Incoming justice secretary Jesus Crispin Remulla said on Thursday (July 28) that the NBI “is getting a very bad reputation on the matter” following “a lot” of industry complaints that NIB officers are engaging in hulidap, or extortion, when probing POGO operations.

“I told the NBI to stop activities against POGOs,” he told reporters in a mixture of English and Tagalog during a Rotary Club meeting in Manila. “The NIB was not ordinanced to raise money out of illegal activities.

“The NBI was not established to be used for only arresting foreigners or businessmen. We had to put a stop to that and right now,” Remulla said.

“I asked [NIB Officer in Charge Medardo] De Lemos to stop everybody from operating on POGOs because we are getting a very bad reputation on the matter.”

POGO licensees “kidnap each other”, “sue each other” and “in the end they’ll just settle with each other”, Remulla said. “So we are just wasting our time [getting involved]. We were just being dragged into the intramurals [internal matters], so we have to stop it.”

Remulla did not state if he had issued a formal instruction to prevent POGO investigations, or if accused officials are under investigation.

But he added: “We will only act if there is really a police matter that is necessary for us to police or for the NBI to work on, but in the meantime we will not do it because it may worsen the situation.”

Remulla’s extraordinary announcement hints at a turning point in government handling of foreign-facing online gaming licensees, whose advancing compliance requirements and tax audits under the administration of Rodrigo Duterte drove out numerous POGOs and service companies.

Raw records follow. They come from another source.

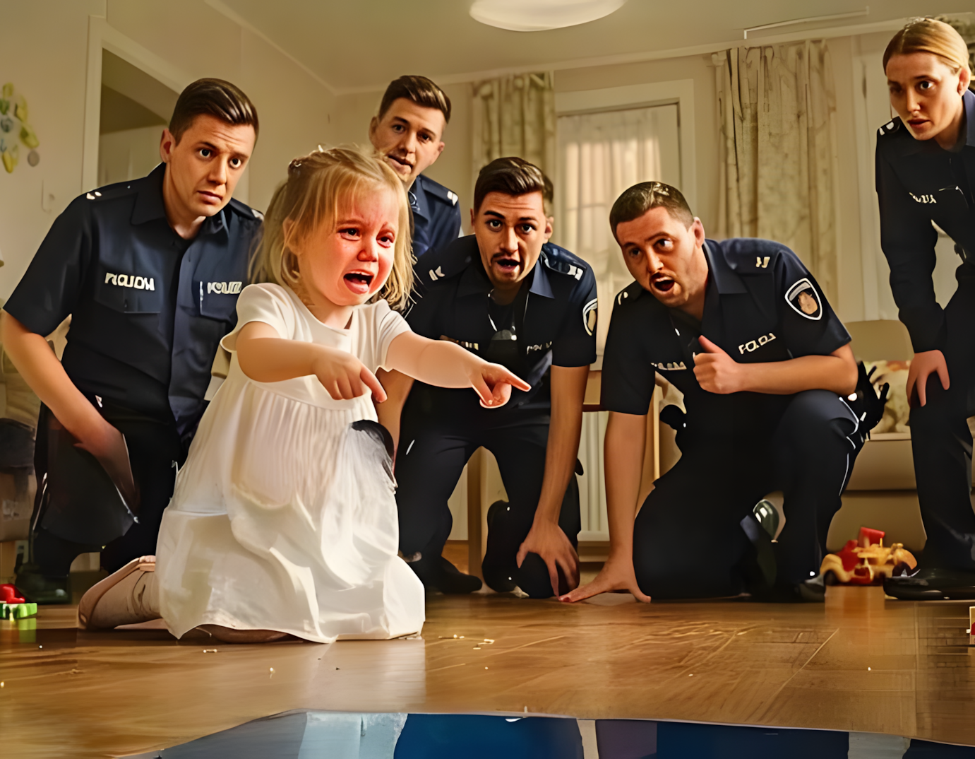 Een van de agenten ging op zijn knieën en keek onder het bed. Het was leeg — stof, een paar gevallen speelgoedjes, niets verdachts.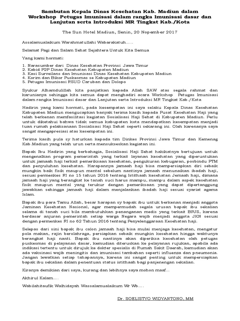 Sambutan Selamat Datang Kepala Dinas Kesehatan Dalam Rangka Pembukaan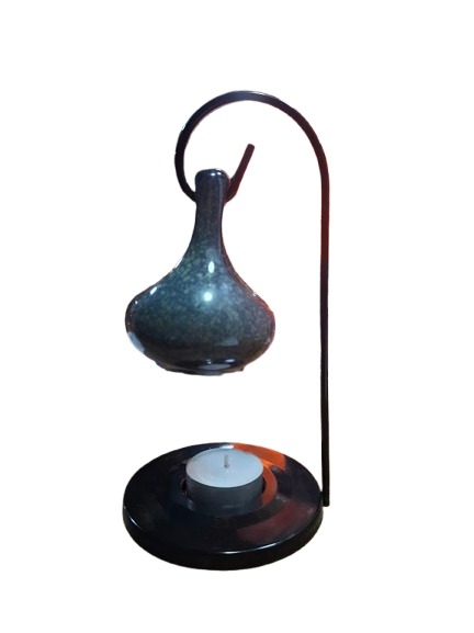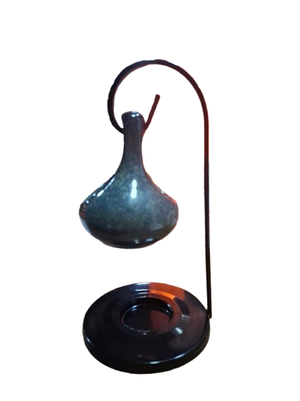 Quemador de esencias con recipiente cerámico de forma estilizada y suspendido en soporte metálico negro. Su diseño minimalista y elegante lo convierte en una pieza decorativa además de funcional.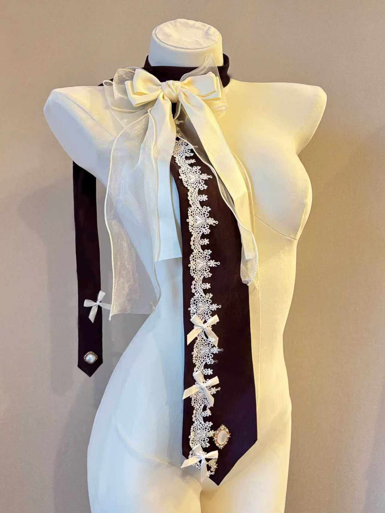 Niche Retro-Style White Lace Bow Tie with a High-End Feel, Baroque Bow Tie, Unique Vintage Accessory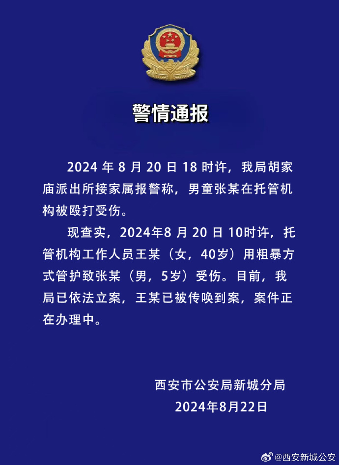 现查实,2024年8月20日10时许,托管机构工作人员王某(女,40岁)用粗暴方式管护致张某(男,5岁)受伤。目前,我局已依法立案,王某已被传唤到案,案件正在办理中。
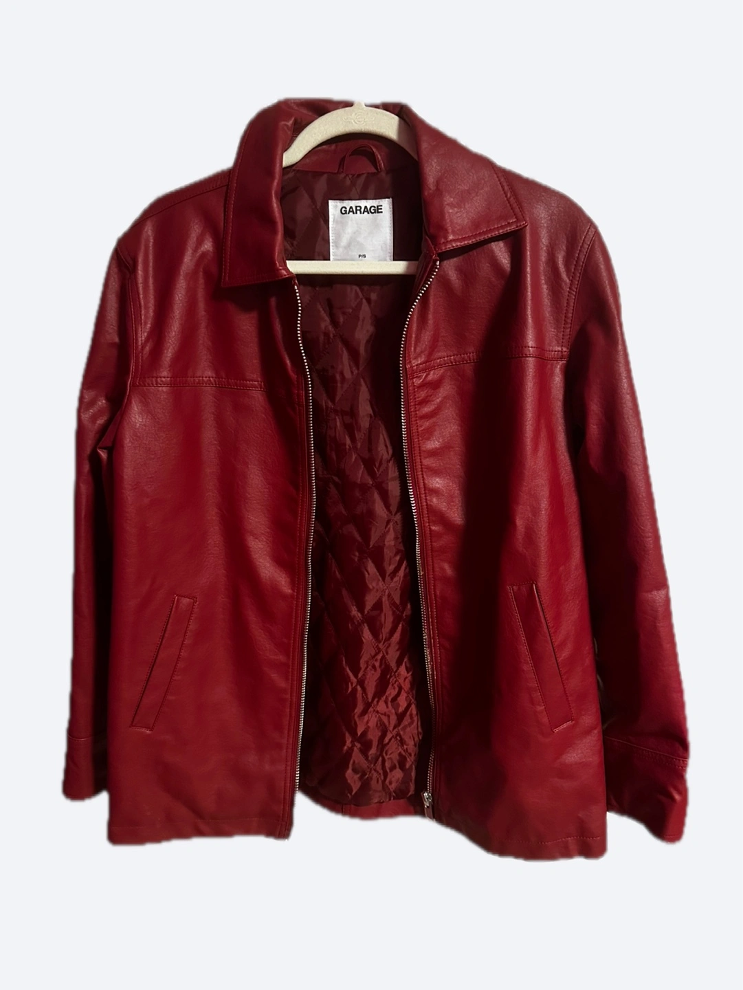Here's a stylish red faux leather jacket from Garage in size P/S! It's in great condition and ready for a new home. Perfect for adding a pop of colour to your wardrobe!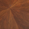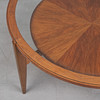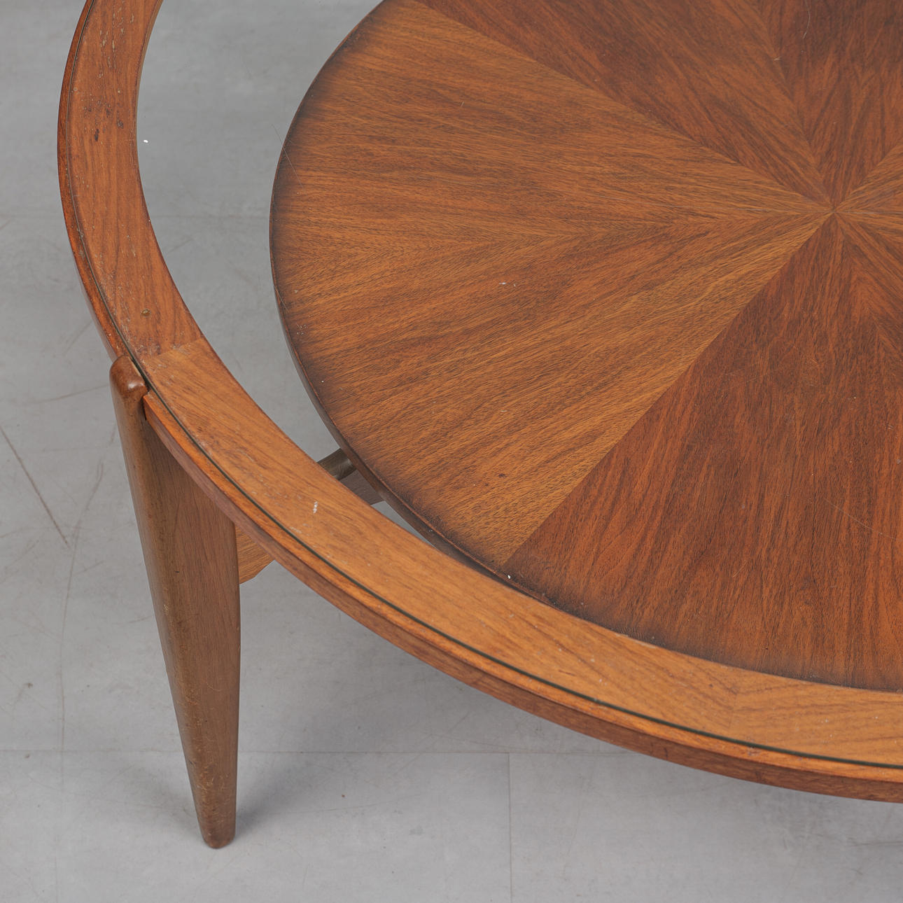 Glazed walnut veneer construction with four braced legs and a round, loosely placed glass table top, h.53cm, d.104cm.

It also serves as a grim sequel of high-level malfeasance to a massive racket run by immigration officials throughout the Philippines’ largest airport, in which POGO and illegal online gaming employees from China were waved through immigration in exchange for bribes.

The announcement comes within a month of the inauguration of President Ferdinand Marcos Jr. for his six-year term, and suggests that Marcos, like Duterte, will not be inclined to attack POGO licensees with the ferocity that Beijing has demanded since before the coronavirus pandemic began.

It also suggests that the Marcos government may be interested in the POGO segment restoring some of its lustre and earning power that suffered terribly under pressure from Beijing, pandemic labour restrictions, and bureaucratic scrutiny.

Marcos has yet to name the new chairman of gambling regulator PAGCOR, a key policy index on the future of online and land-based gaming in the Philippines.